Worksheet 6

Published

October 11, 2024

Questions are below. My solutions will be available after the tutorials are all finished. The whole point of these worksheets is for you to use your lecture notes to figure out what to do. In tutorial, the TAs are available to guide you if you get stuck. Once you have figured out how to do this worksheet, you will be prepared to tackle the assignment that depends on it.

If you are not able to finish in an hour, I encourage you to continue later with what you were unable to finish in tutorial.

The thickness of stamps

Collectors of postage stamps know that the same stamp may be made from several different batches of paper of different thicknesses. Our data set, in http://ritsokiguess.site/datafiles/stamp.csv, contains the thickness, in millimetres, of each of 485 stamps that were printed in 1872. It is suspected that the paper used in that year was thinner than in previous years.
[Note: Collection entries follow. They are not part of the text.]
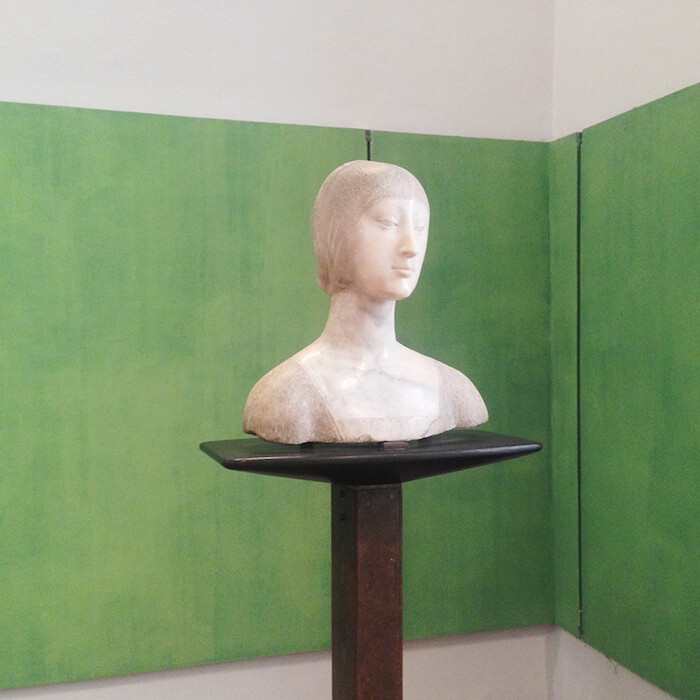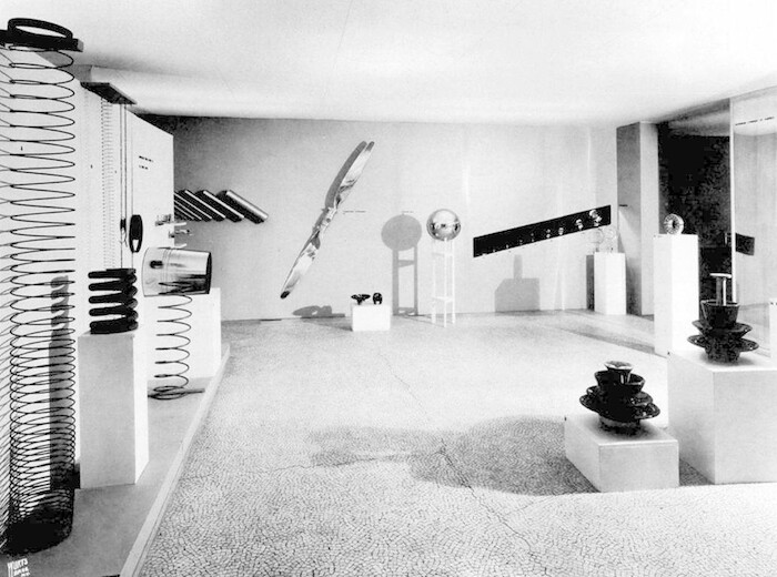 Through the 1940s and ’50s, a number of Italian architects would further revolutionize display techniques and perpetuate this oscillation between commodity presentation, store design, and re-orchestrations of classical collections. By taking objects out of vitrines or off defensive staging platforms and articulating them in a shared, dynamic architectural space, these designers idealized and aestheticized the museum as a container both of intrigue and value (in all senses of the word). Carlo Scarpa’s use of strategically hung colored blanking plates to pick out selected profiles of sculptures floated on slender pillars, for example, or Franco Albini’s pneumatic articulations of classical fragments in space were spatial conceits that were also applied to store designs for Olivetti (in Venice in 1957 and Paris in 1958, respectively), amongst Scarpa and Albini’s other commissions.5 In New York, another Italian design practice, BBPR, would once again cause a public sensation on Fifth Avenue by inviting members of the public to encase themselves in a vitrine: open to the street but apparently framed from within the store, the concession for Italian typewriter brand Olivetti blurred the boundary of inside and outside, creating a very public exhibition of the desirability of a luxury product, articulations of intimacy and spectacle familiar from BBPR’s redesigned exhibition displays at Castello Sforzesco in Milan (1954-6). Having moved from Italy to Brazil, architect and curator of the São Paulo Museum of Art Lina Bo Bardi did away with walls altogether (also an obstruction to Kiesler’s theories of Tensionism)6 with her staging of the museum’s historical painting collection on individual glass sheets—each economically clamped at its base in a cube of concrete.7 were removed and destroyed in 1996, and re-fabricated and re-installed by MASP artistic director Adriano Pedrosa in December 2015.]
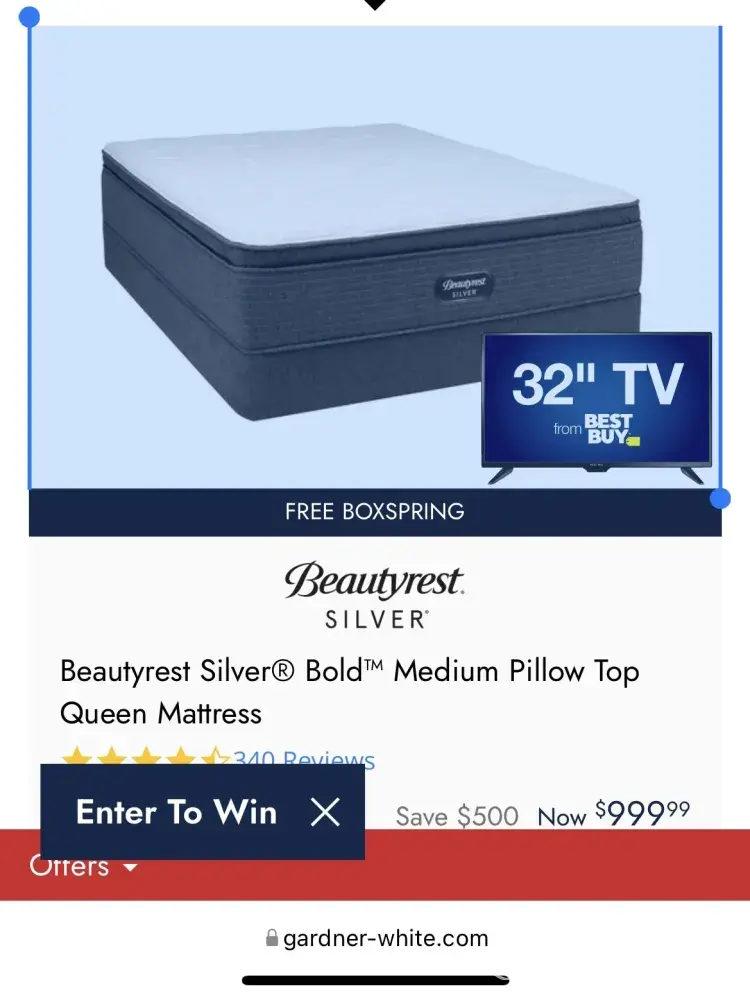 Purchased one of these mattresses to include a free the box spring. You can get a $300 visa card or 32 inch television when I called The receptionist is that that was an old advertisement she stated that she doesn't know why they are still using it! This was a switch$bait. Please do an investigation on Gardner White to warren location off 8 mile road. Please help. My name is Katie Washington Harvey my phone number is [protected] my email is [protected]@icloud.com
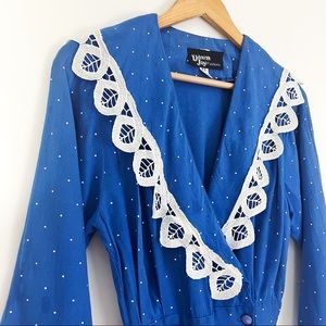 Vintage dress in cerulean blue featuring white polka dot motif. Surplice neckline with white lace trim, elasticized waist, and pockets at hips. 3/4 length sleeves, double buttoned closure at waist. Unlined, midi length A-line silhouette.
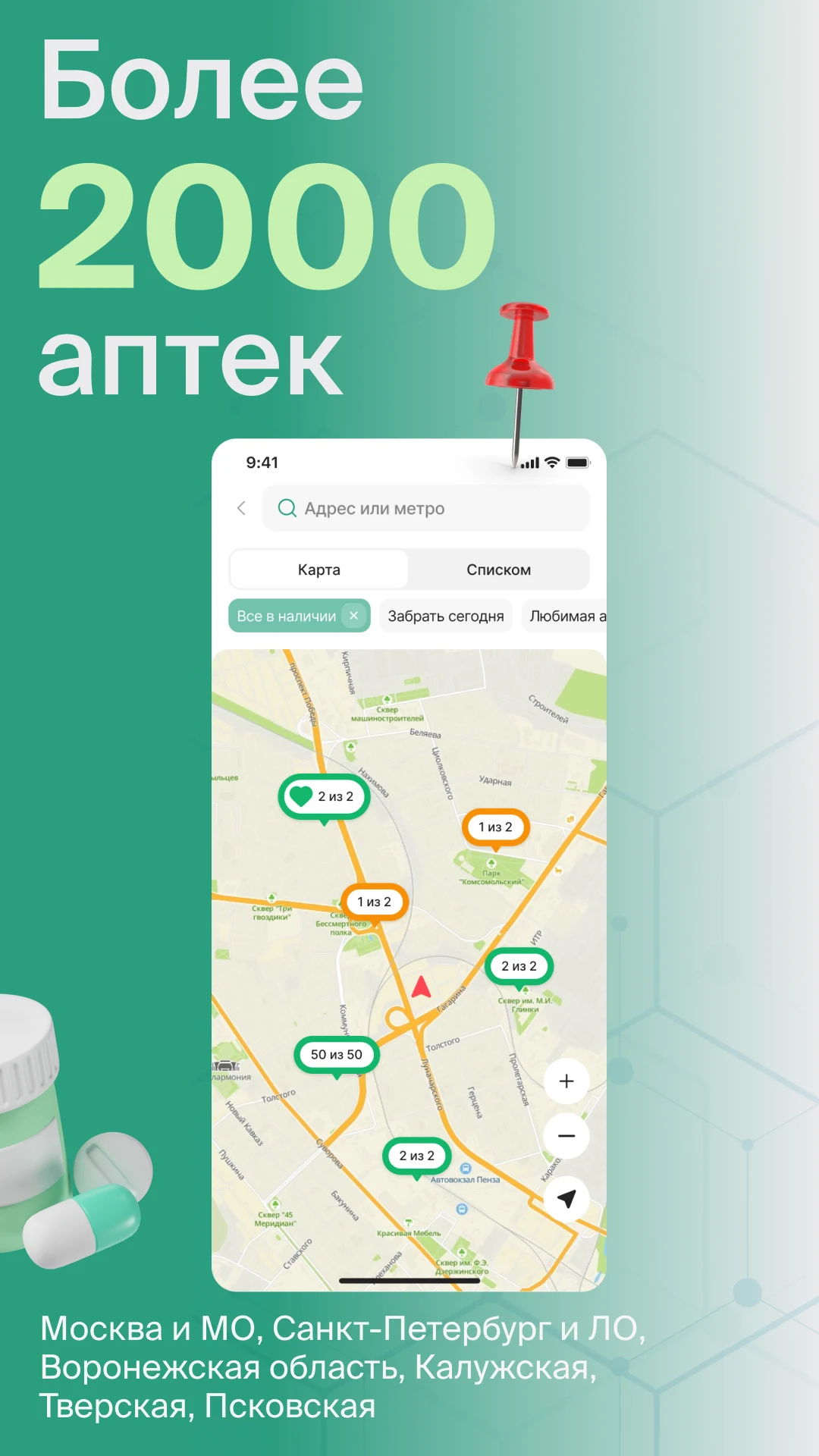 You can order medications and medical items online in Moscow, the Moscow region, St. Petersburg, as well as in Kaluga, Voronezh, Tver, Pskov, Novgorod, and other areas.
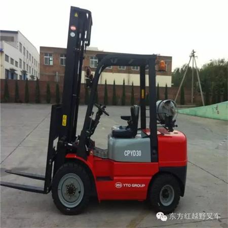 "东方红"YTO-CPYD30双燃料叉车是一拖(洛阳)搬运机械有限公司追踪国际叉车市场主流趋势,自主研发的具有独立自主知识产权的搬运与装卸机械产品之一,它选用日本NISSAN 汽油机,同时配备LPG液化石油气罐,并通过转换装置,实现LPG与汽油两种燃料的相互转换,操作起来十分便捷。该款车型是专门按照欧盟最新的CE标准设计生产,完全可满足欧盟国家对安全和排放的要求。而且能够做到连续7 天24小时不间断工作,大大提高了作业效率。
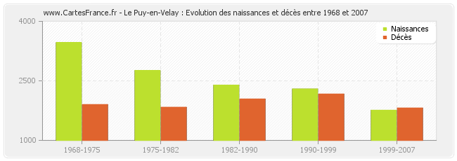 Le Puy-en-Velay : évolution des naissances et décès de 1968 à 2007

  1. Read in and display (some of) the data.

Solution

Very much the usual:

my_url <- "http://ritsokiguess.site/datafiles/stamp.csv"
stamp <- read_csv(my_url)
Rows: 485 Columns: 1
── Column specification ────────────────────────────────────────────────────────
Delimiter: ","
dbl (1): Thickness

ℹ Use `spec()` to retrieve the full column specification for this data.
ℹ Specify the column types or set `show_col_types = FALSE` to quiet this message.
stamp

Note for yourself that there is one column called Thickness with an uppercase T, and that the thicknesses appear to be arranged in ascending order.

\(\blacksquare\)

  1. Make a suitable graph of these data. Justify your choice briefly.

Solution

The obvious justification and graph is that you have one quantitative variable, so that what you need is a histogram. This is absolutely fine:

ggplot(stamp, aes(x = Thickness)) + geom_histogram(bins = 10)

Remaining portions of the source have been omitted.